Por outro lado, a porta é aberta aos benefícios obscenos, aos salários obscenos dos dirigentes, às manipulações especulativas e tudo o mais, o que conduz à perda de credibilidade dos políticos e da democracia , ao mesmo tempo que as condições sociais de uma larga participação política estão destruídas. E a miséria moral, económica e cultural instala-se.
Não posso concordar mais com o Gonçalo. O mundo está ao contrário, principalmente na mente das pessoas.
Hoje em dia, são poucas as pessoas que têm valores, menos ainda as que têm prioridades, e praticamente nenhumas as que têm responsabilidade.
De quem é a culpa? A nossa atitude é consequência da forma como fomos educados. A educação, em primeira instância é dada em casa, mas também somos influenciados pelo que vemos "cá fora".

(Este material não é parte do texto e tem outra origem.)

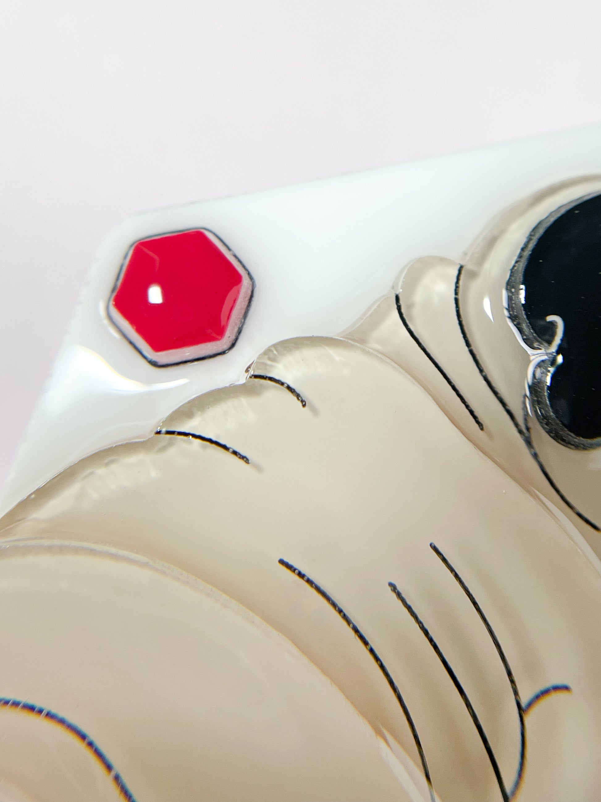 This brooch is made from 11 pieces of hand-painted acrylic plates, assembled and coated with acrylic UV/LED resin and backed with a silver brooch pin.
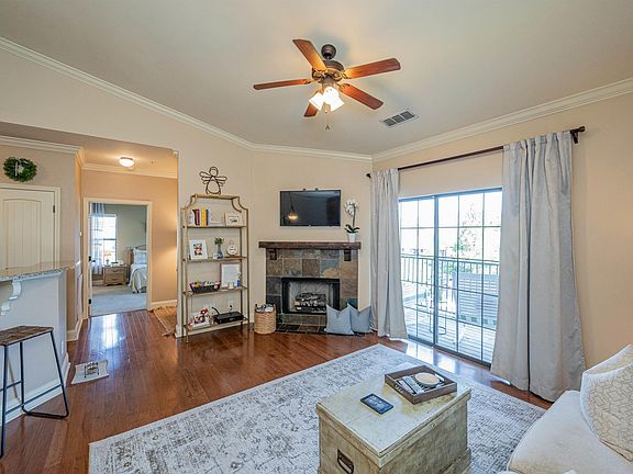 This is the one you have been waiting for! You will love the well manicured gated luxury. This condo is just a two minute walk to the gorgeous pool, clubhouse and greenspace. Beautiful open plan with lots of natural light, smooth ceilings, hardwoods, granite countertops, crown molding and so many special touches. The foyer opens to the dining room and living room with a pretty tile fireplace. There is a balcony off the living room perfect for rocking chairs on cool evenings. There is a dining area and nice breakfast bar area for entertaining, plenty of cabinets and all the stainless steel appliances remain in the kitchen. Full size laundry room off the kitchen. Work from home? There is a cozy nook off the master bedroom for your desk. The master has a nice walk in closet, garden tub, separate shower and double vanity. Bedroom two is also spacious with it's own good size bath. This home is move in ready and has been well maintained. Come take a look...you'll want to stay.

E o que vemos "cá fora"? Eu vejo uma selva latina. Que receio não ter retorno.
Amigo Freitas Pereira
Creio que, embora com excesso de "grau" para a minha costela mais à direita, tem razão. Sou reformista e, por isso, não abdico do papel regulador do Estado.
O que importa é redignificar o papel das comunidades nacionais na resposta aos desafios globais. Dirijo a organização de umas conferências que falarão sobre o tema e nas quais desafio-o (e ao Luís Melo) a inscrever-se (darei nota, quando estiverem em fase de inscrição).
Já quanto à questão tecnológica, continuo a adorar a frase do Príncipe de Gales, no 350º aniversário de Harvard, que citei no meu livro, onde instou os presentes a “restaurarem o controlo moral sobre as coisas que criam”!
Luís
Se a Educação e a Cultura são a chave, creio que vale a pena lutar, designadamente em espaços como este!... Se formos muitos, faremos a diferença. Por exemplo, dados de hoje (in "Público") mostram que as crianças de hoje voltaram a ler mais.
Será com prazer que aceito o desafio ! Não creio que exista um desvio ( um grau ?) assim tão grande . Eu creio que a famosa assimetria da informação é antes de mais uma assimetria de capital, portanto uma questão de luta de classes.
Para que o ponto de vista dos trabalhadores e o interesse geral se afirmem é preciso uma pressaozinha para a esquerda na e da social democracia no senso largo.
Quem não admite as tais três classes fundamentais do capitalismo já demonstradas por Ricardo à dois séculos ? : os trabalhadores, os empresários, os investidores e os rendeiros.. Só que a renda financeira substituiu a renda empresarial como obstáculo ao desenvolvimento ,como Keynes tinha previsto.